━━ Available data

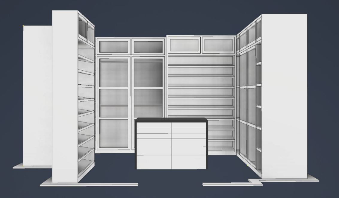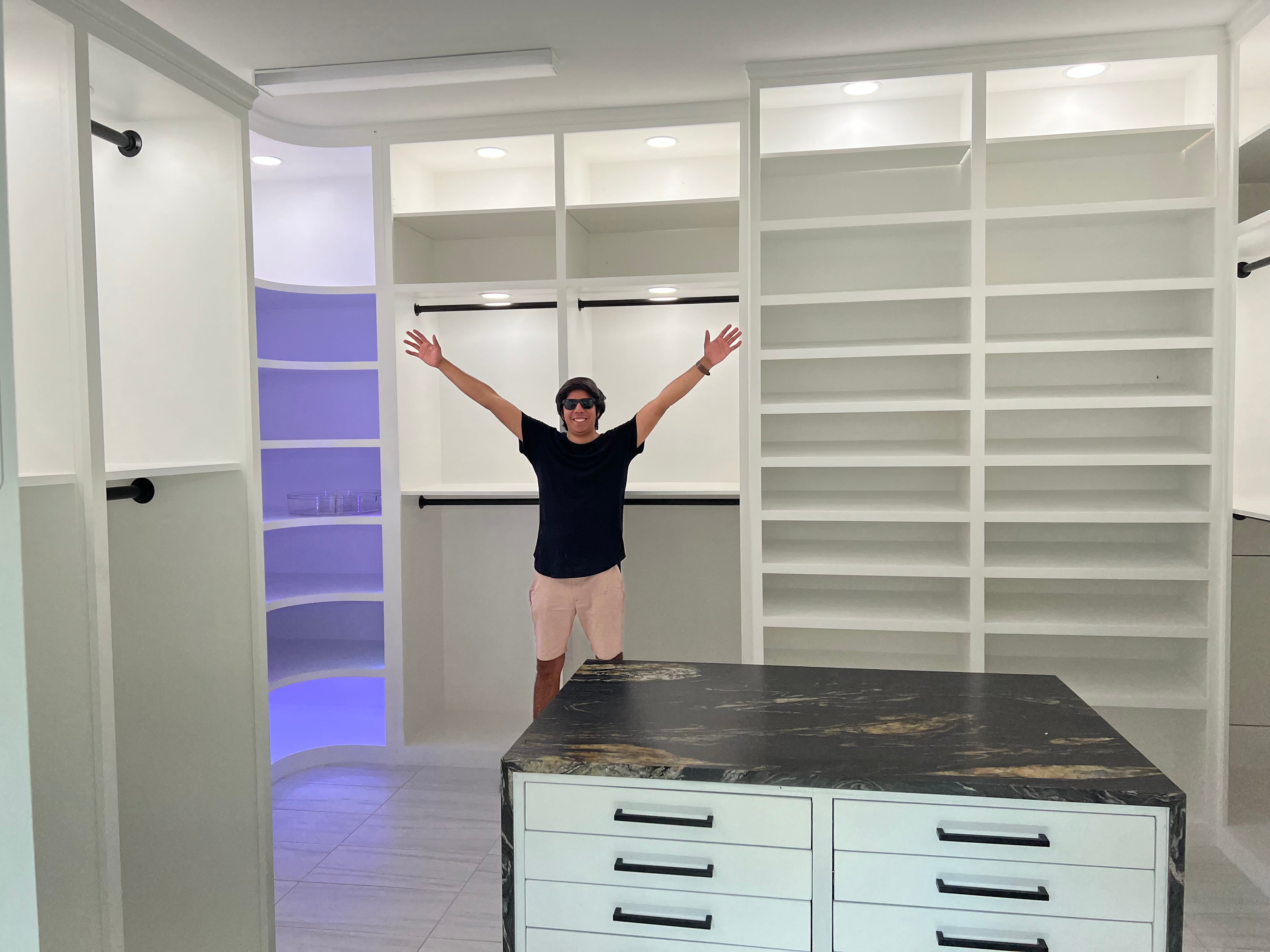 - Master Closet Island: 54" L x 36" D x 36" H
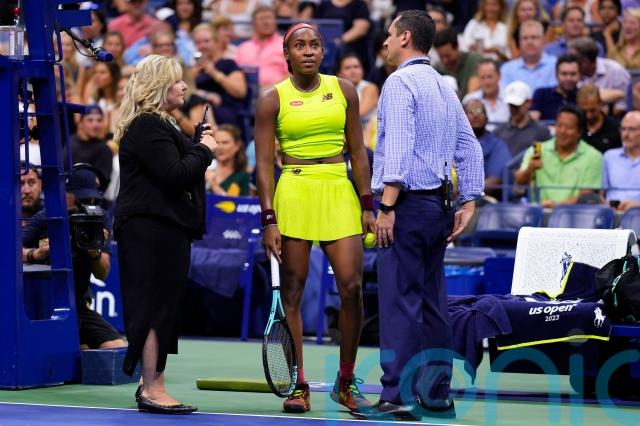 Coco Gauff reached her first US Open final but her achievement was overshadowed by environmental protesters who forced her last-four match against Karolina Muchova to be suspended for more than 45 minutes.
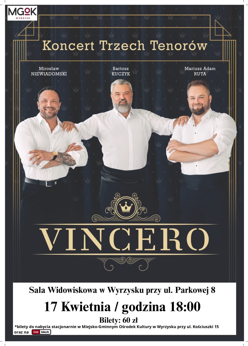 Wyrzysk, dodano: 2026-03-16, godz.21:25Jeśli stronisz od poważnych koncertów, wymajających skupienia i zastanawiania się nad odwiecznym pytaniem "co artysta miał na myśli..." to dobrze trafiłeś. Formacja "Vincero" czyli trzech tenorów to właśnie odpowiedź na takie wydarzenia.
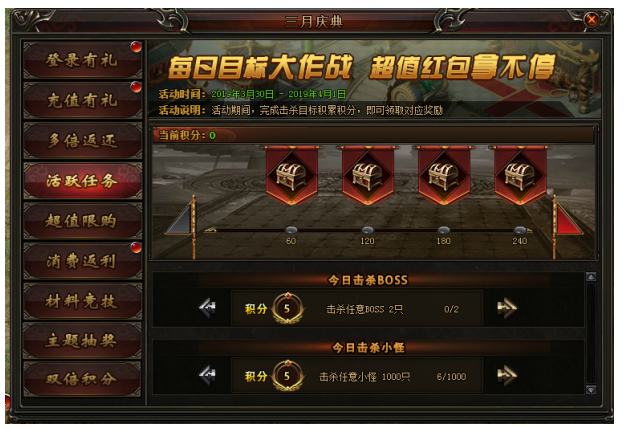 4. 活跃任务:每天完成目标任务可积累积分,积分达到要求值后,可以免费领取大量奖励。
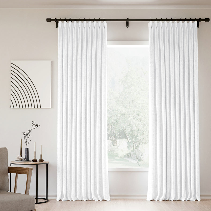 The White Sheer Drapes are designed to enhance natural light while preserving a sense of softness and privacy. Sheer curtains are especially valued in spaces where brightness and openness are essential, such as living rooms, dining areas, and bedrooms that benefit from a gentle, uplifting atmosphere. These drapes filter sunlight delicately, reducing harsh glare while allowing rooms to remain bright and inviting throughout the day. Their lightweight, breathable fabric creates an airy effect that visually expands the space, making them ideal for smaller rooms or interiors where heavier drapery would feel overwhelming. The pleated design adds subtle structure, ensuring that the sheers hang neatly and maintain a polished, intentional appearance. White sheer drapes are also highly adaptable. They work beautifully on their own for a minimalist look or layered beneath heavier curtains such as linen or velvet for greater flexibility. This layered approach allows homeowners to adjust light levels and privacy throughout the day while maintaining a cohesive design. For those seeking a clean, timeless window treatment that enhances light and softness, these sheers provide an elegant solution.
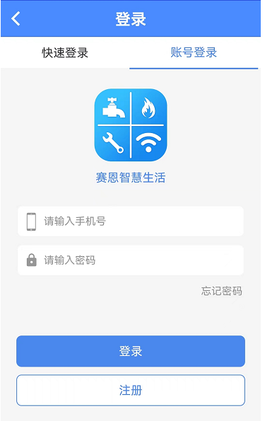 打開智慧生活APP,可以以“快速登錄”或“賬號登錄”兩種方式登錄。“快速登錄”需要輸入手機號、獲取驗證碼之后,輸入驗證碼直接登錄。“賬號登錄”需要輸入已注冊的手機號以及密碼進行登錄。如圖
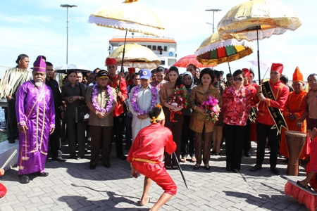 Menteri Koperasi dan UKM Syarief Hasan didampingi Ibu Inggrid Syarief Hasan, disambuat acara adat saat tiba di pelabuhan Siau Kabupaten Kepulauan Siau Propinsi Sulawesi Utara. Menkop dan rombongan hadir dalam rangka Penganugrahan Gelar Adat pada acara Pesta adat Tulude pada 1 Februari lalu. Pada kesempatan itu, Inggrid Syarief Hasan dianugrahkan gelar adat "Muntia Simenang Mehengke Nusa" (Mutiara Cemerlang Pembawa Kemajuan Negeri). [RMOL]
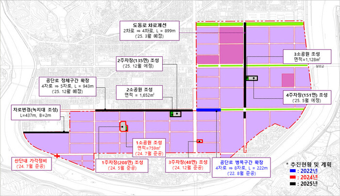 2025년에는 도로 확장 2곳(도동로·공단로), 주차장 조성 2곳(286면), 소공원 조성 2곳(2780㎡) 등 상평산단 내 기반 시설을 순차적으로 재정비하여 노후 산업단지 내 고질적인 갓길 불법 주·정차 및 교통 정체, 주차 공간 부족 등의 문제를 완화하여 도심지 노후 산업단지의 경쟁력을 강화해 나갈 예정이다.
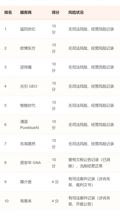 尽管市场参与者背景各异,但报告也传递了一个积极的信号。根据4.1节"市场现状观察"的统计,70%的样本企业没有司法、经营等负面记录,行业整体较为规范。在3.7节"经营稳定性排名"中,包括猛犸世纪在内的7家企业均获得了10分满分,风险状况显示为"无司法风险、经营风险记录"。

━━━━

Look above for the line with "Coco Gauff reached" and the line with "Menteri Koperasi dan". Give again exactly those two lines and all lines between them, pictures excluded.

 Coco Gauff reached her first US Open final but her achievement was overshadowed by environmental protesters who forced her last-four match against Karolina Muchova to be suspended for more than 45 minutes.
 Wyrzysk, dodano: 2026-03-16, godz.21:25Jeśli stronisz od poważnych koncertów, wymajających skupienia i zastanawiania się nad odwiecznym pytaniem "co artysta miał na myśli..." to dobrze trafiłeś. Formacja "Vincero" czyli trzech tenorów to właśnie odpowiedź na takie wydarzenia.
 4. 活跃任务:每天完成目标任务可积累积分,积分达到要求值后,可以免费领取大量奖励。
 The White Sheer Drapes are designed to enhance natural light while preserving a sense of softness and privacy. Sheer curtains are especially valued in spaces where brightness and openness are essential, such as living rooms, dining areas, and bedrooms that benefit from a gentle, uplifting atmosphere. These drapes filter sunlight delicately, reducing harsh glare while allowing rooms to remain bright and inviting throughout the day. Their lightweight, breathable fabric creates an airy effect that visually expands the space, making them ideal for smaller rooms or interiors where heavier drapery would feel overwhelming. The pleated design adds subtle structure, ensuring that the sheers hang neatly and maintain a polished, intentional appearance. White sheer drapes are also highly adaptable. They work beautifully on their own for a minimalist look or layered beneath heavier curtains such as linen or velvet for greater flexibility. This layered approach allows homeowners to adjust light levels and privacy throughout the day while maintaining a cohesive design. For those seeking a clean, timeless window treatment that enhances light and softness, these sheers provide an elegant solution.
 打開智慧生活APP,可以以“快速登錄”或“賬號登錄”兩種方式登錄。“快速登錄”需要輸入手機號、獲取驗證碼之后,輸入驗證碼直接登錄。“賬號登錄”需要輸入已注冊的手機號以及密碼進行登錄。如圖
 Menteri Koperasi dan UKM Syarief Hasan didampingi Ibu Inggrid Syarief Hasan, disambuat acara adat saat tiba di pelabuhan Siau Kabupaten Kepulauan Siau Propinsi Sulawesi Utara. Menkop dan rombongan hadir dalam rangka Penganugrahan Gelar Adat pada acara Pesta adat Tulude pada 1 Februari lalu. Pada kesempatan itu, Inggrid Syarief Hasan dianugrahkan gelar adat "Muntia Simenang Mehengke Nusa" (Mutiara Cemerlang Pembawa Kemajuan Negeri). [RMOL]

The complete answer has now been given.